─── SUPPLIED DATA ───

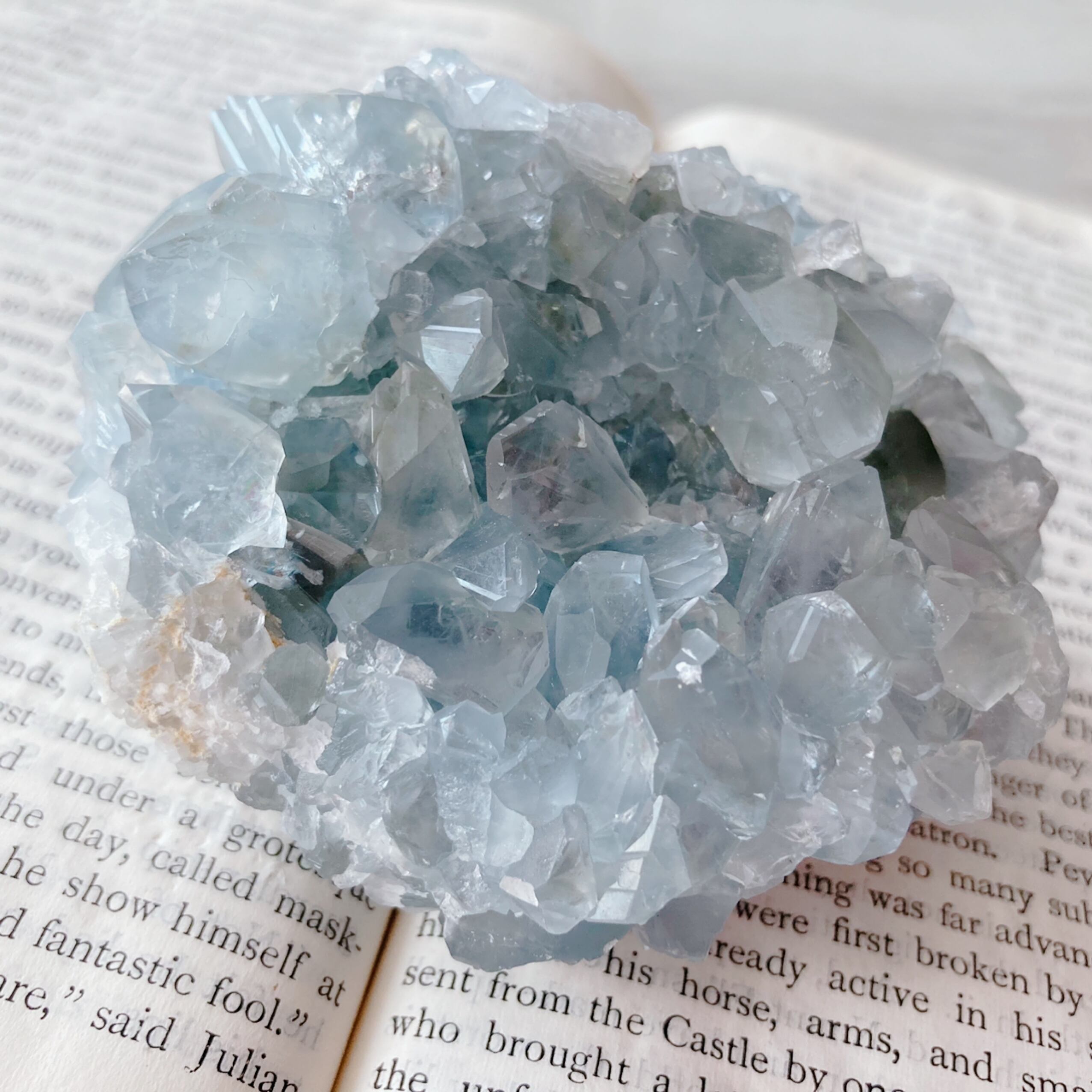 天青石という、青く晴れた空を連想させる和名を持つ、美しいスカイブルーのセレスタイト。ラテン語で「天国のような」という意味も持っています。
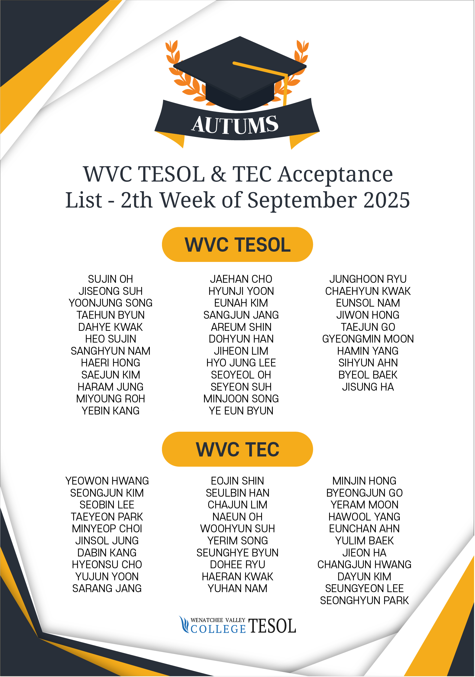 [합격생 리스트] 2025년 9월 2주 WVC TESOL & TEC |
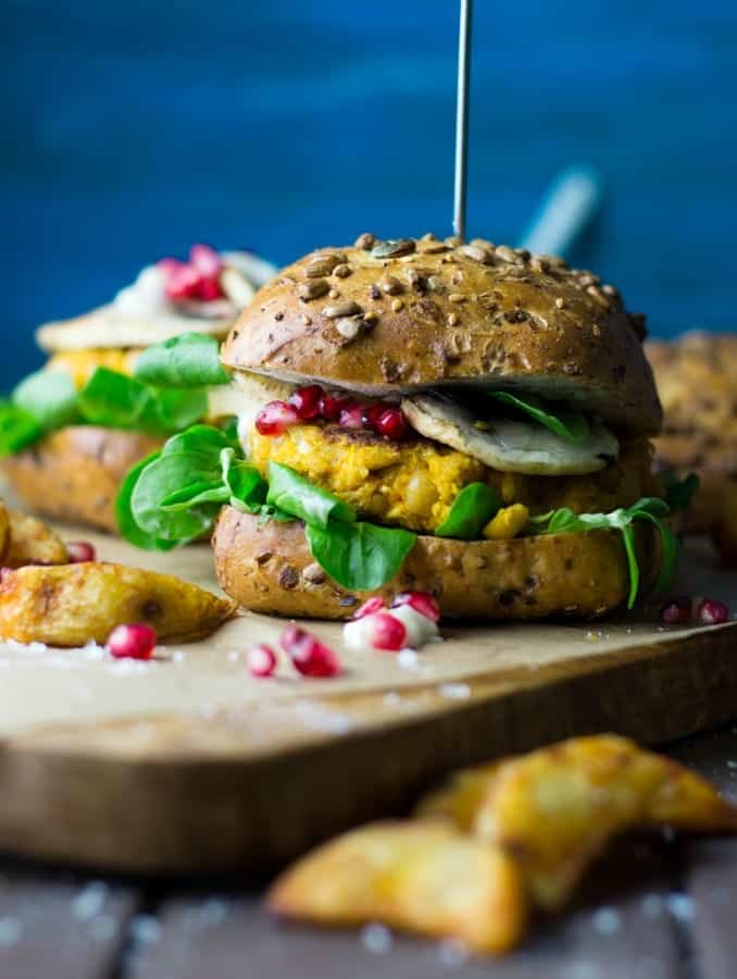 Ich bin letzte Woche aus Bali zurückgekommen und habe schon während ich dort war die ganzen Fotos von herbstlichen Gerichten bei Instagram gesehen. Wieder in Deutschland angekommen, war ich also in richtiger Herbst Stimmung. Mein erstes Herbstrezept dieses Jahr war ein Kürbis Smoothie und als nächstes gab es diese veganen Kürbis Burger mit Granatapfel, Feldsalat, Champignons und Knoblauch-Mayonnaise. Ein richtiger Herbst Burger sozusagen.
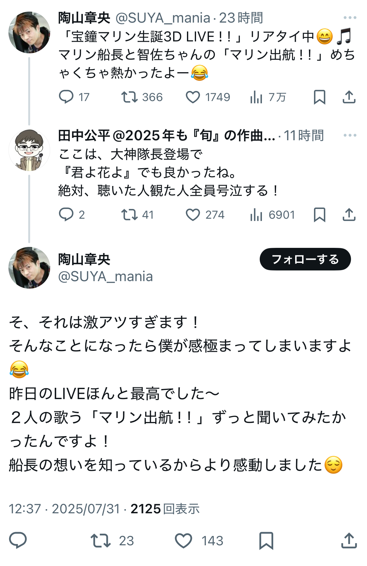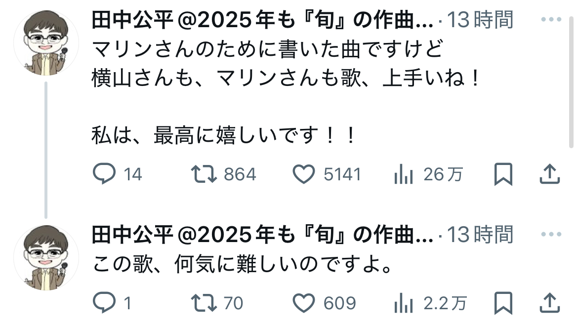 | … | 5225/08/01(金)14:11:38No.1338872611+後から話題になってたのを知ってちさタローと船長のデュエットに大満足した田中公平 |

───

▸ **WHAT TO PRODUCE**
All of the lines above must be printed again exactly, and no picture may appear in the copy.

▸ **SOLUTION FOR THIS TASK**
 天青石という、青く晴れた空を連想させる和名を持つ、美しいスカイブルーのセレスタイト。ラテン語で「天国のような」という意味も持っています。
 [합격생 리스트] 2025년 9월 2주 WVC TESOL & TEC |
 Ich bin letzte Woche aus Bali zurückgekommen und habe schon während ich dort war die ganzen Fotos von herbstlichen Gerichten bei Instagram gesehen. Wieder in Deutschland angekommen, war ich also in richtiger Herbst Stimmung. Mein erstes Herbstrezept dieses Jahr war ein Kürbis Smoothie und als nächstes gab es diese veganen Kürbis Burger mit Granatapfel, Feldsalat, Champignons und Knoblauch-Mayonnaise. Ein richtiger Herbst Burger sozusagen.
 | … | 5225/08/01(金)14:11:38No.1338872611+後から話題になってたのを知ってちさタローと船長のデュエットに大満足した田中公平 |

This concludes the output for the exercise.